「窓からの侵入が心配だけど、今の家に防犯格子を後付けできるのだろうか」と悩んでいる方は少なくありません。とくに1階の窓やトイレ・浴室の小窓は、換気のために開けっぱなしにすることが多く、防犯面の不安を感じやすい場所です。
警察庁「住まいる防犯110番」によると、一戸建て住宅への侵入窃盗では「窓」からの侵入が大きな割合を占めており、窓の防犯対策は住まいの安全を守るうえで重要なポイントとされています。面格子(防犯格子)を後付けすることで、侵入に時間がかかる環境を作り、犯行をためらわせる効果が期待できます。
この記事では、窓に後付けできる防犯格子の種類と選び方、費用の目安、賃貸住宅でも設置できる方法までわかりやすく解説します。自宅の窓に合った防犯格子を選ぶための参考にしてみてください。
- 防犯格子の種類(縦面格子・井桁・ヒシクロスなど)と特徴の違い
- 外付けと室内面格子それぞれのメリット・デメリット
- 後付けにかかる費用の目安と業者依頼・DIYの流れ
- 賃貸でもできる穴あけ不要の設置方法
- 防犯格子と組み合わせて窓の防犯性を高める方法
窓の防犯格子を後付けするなら知っておきたい種類と選び方

縦面格子・横面格子・井桁面格子・ヒシクロス面格子の違い
窓に取り付ける面格子にはいくつかの種類があり、それぞれ防犯性能やデザインが異なります。

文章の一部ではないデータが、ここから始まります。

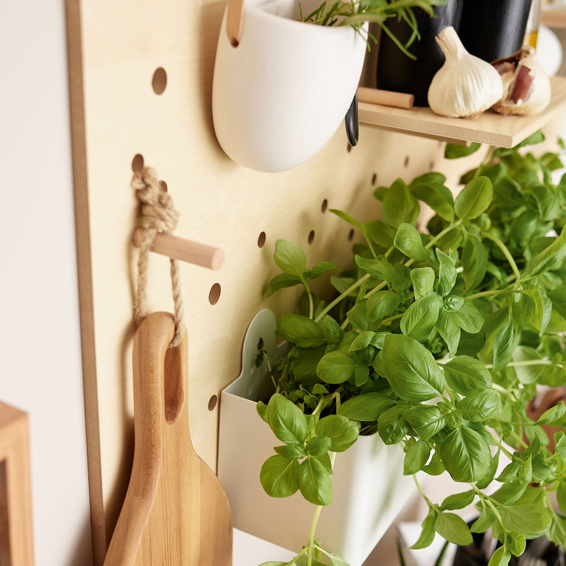 - W ofercie dostępny jest także mniejszy pojemnik. Do tablicy można dokupić również filcowe kieszenie i drewniane kołki pełniące funkcję wieszaków, aby jeszcze lepiej wykorzystać powierzchnię panelu.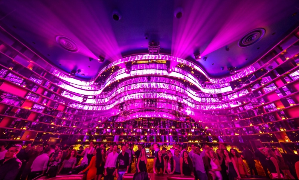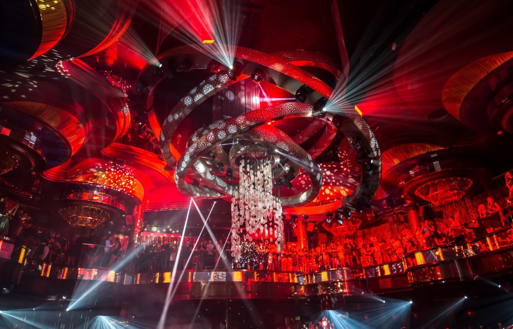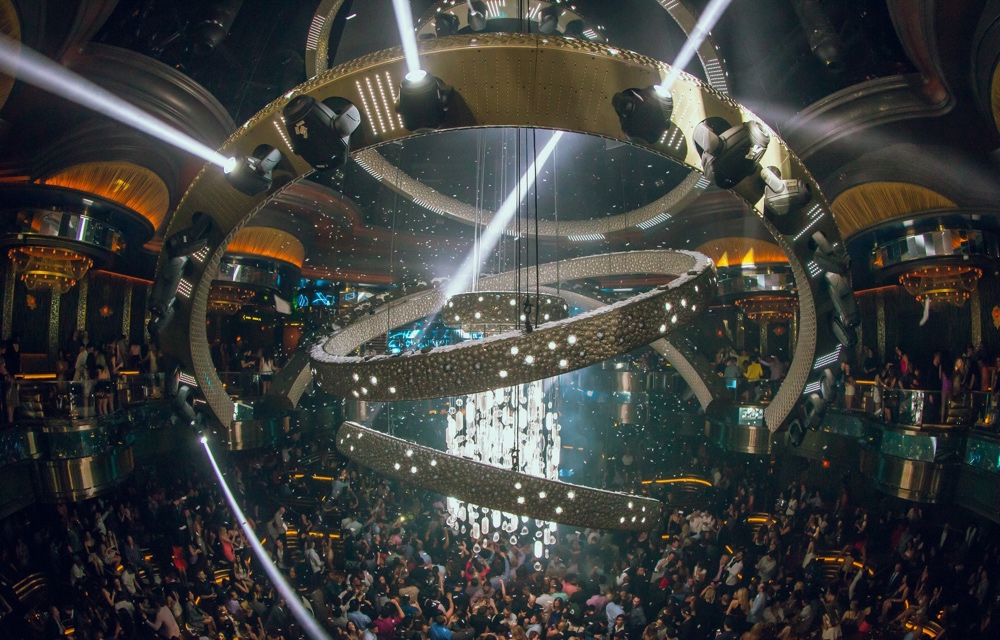 Центральная зона основного клубного зала состоит из восьми концентрических окружностей, нашпигованных шоу-элементами вроде светодиодных композиций, видеоэкранов и освещения, синхронизированная хореография которых не утихает всю ночь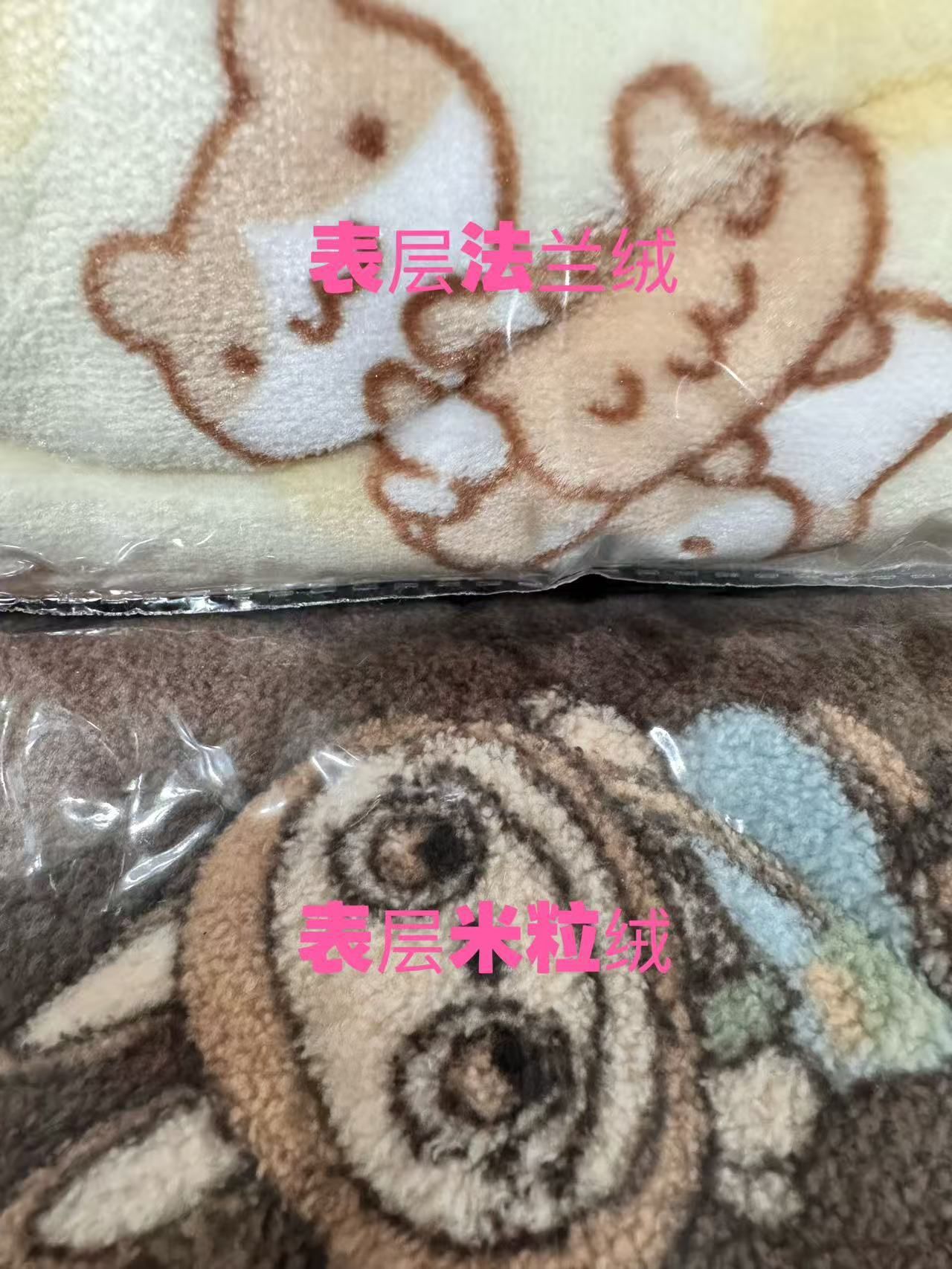 外观不同:法兰绒表面有一层丰满细洁的绒毛覆盖,不露织纹,绒面细腻、密度紧实。米粒绒表面有细小的颗粒状绒毛,呈现出如米粒般细腻的质感,纹理清晰。但是共同点都是锁温保暖性强

縦面格子は最もポピュラーなタイプで、縦方向にバーが並ぶシンプルな構造です。コストが抑えやすく取り付けもしやすいため、広く普及しています。ただし、格子の間隔が広いと工具で曲げられるおそれがあるため、間隔の狭い製品を選ぶのがポイントです。
横面格子は水平方向にバーが並ぶタイプで、上下方向の視線を遮りやすい特徴があります。一方で、バーに足をかけてよじ登りやすいという指摘もあるため、2階以上の窓に設置する場合は注意が必要です。
井桁面格子は縦と横のバーが格子状にクロスした構造で、縦面格子や横面格子と比べて強度が高くなっています。ヒシクロス面格子はバーが斜めに交差するタイプで、防犯性能の高さで選ぶなら、ヒシクロス面格子や井桁面格子が有力な選択肢です。価格は縦面格子より高めですが、侵入に対する抵抗力が大きい点が魅力です。
外付け面格子と室内面格子のメリット・デメリット
面格子には、窓の外側に取り付ける「外付け」と、窓の内側に設置する「室内面格子」の2つの設置方法があります。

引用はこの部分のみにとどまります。